Was just responding to a comment on Google+ on my update sharing the post Project Euler in Clojure – Problem 16, and I saw the commenter had his own solution to problem 1. In sharing my solution I realized that I could clean up my results even further, and added a function has-factors-in?. These updates have also been pushed to my Project Euler in Clojure Github repository for those interested.

(defn has-factors-in? [n coll]
  (some #(factor-of? % n) coll))

Where before I had:

(defn problem1
  ([] (problem1 1000))
  ([n] (sum (filter #(or (factor-of? 3 %) (factor-of? 5 %))) (range n))))

It now becomes:

(defn problem1
  ([] (problem1 1000))
  ([n] (sum (filter #(has-factors-in? % [3 5]) (range n)))))

This change makes my solution read even more like the problem statement given.

Your thoughts?

–Proctor

John Backus on the Assignment Statement

The assignment statement is the von Neumann bottle-neck of programming languages and keeps us thinking in word-at-a-time terms in much the same way the computer’s bottleneck does.

John Backus, 1977
ACM Turing Award Lecture,
Communications of the ACM
August 1978, Volume 2, Number 8

How Clojure is breaking my brain – Loops

Seeing how Chris Houser, aka Chouser, aka @chrishouser, one of the co-authors of the Joy Of Clojure, shared a link to my post on twitter, and with a few tweets:

I figured I should follow up the start of that conversation, and tease apart my current thinking about loops.  The short version is:

I never want to have to write a loop again.

As this is quite the bold statement, some elaboration is in order.

First I realized a number of years ago that every time I would write a loop, I would write a lot of duplicate code. The code wasn’t always identical, but it had the same structure, so much so, that many IDEs now have ‘for loop’ templates. I had realized there were certain structures to the loops, but I never had the “AH-HA!” moment to truly recognize the patterns.

Then a series of events started to come together: I read Structure and Interpretation of Computer Programs for the first time, we moved on to .NET 3.5 at work and were able to take advantage of LINQ, I started looking into Ruby, and finally, I started digging into Clojure.

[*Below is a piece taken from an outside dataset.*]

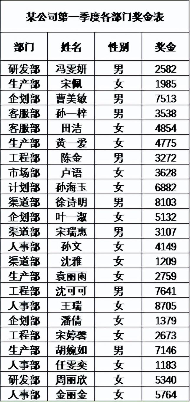 - 如下图所示,是某公司2022年第一季度各部门的奖金金额Excel总表,现在需要将这份总表按部门拆分成各个部门的奖金金额表后下发给各个部门,现在如何快速拆分?

Now I had heard people talk about some of the looping patterns before, hearing people talk about Smalltalk and Ruby, but it wasn’t until I started getting into Clojure that it fully clicked in that there really are only a handful of different loops: projection (map, select, transformation), collection (reduce, collect, aggregate, accumulate, sum, multiple), filtering (filter, exclude, include, where), grouping (group, frequencies), and maybe a couple of others I am leaving out now, as well as composition of the different looping constructs.

Projection

The projection looping pattern simply takes a collection of elements and applies some projection against them to get a new view of the objects. The Hello World example of this is the squares of a set of numbers.
The imperative version in C#, or any C-style language would be written as:

var squares = new List<int>();
for(int i = 1; i <= 10; 1++)
{
  squares.Add(i*i);
}
return squares;

In Clojure this would be:

(map #(* % %) (range 1 11))

In C# with LINQ this is:

  Enumerable.Range(1, 10).Select(x => x * x);

Collection

The collection looping pattern is about getting a single value out, though there may be cases when multiple values come out. The Hello World example of this tends to be the sum of the numbers in a sequence, or the multiple of the numbers.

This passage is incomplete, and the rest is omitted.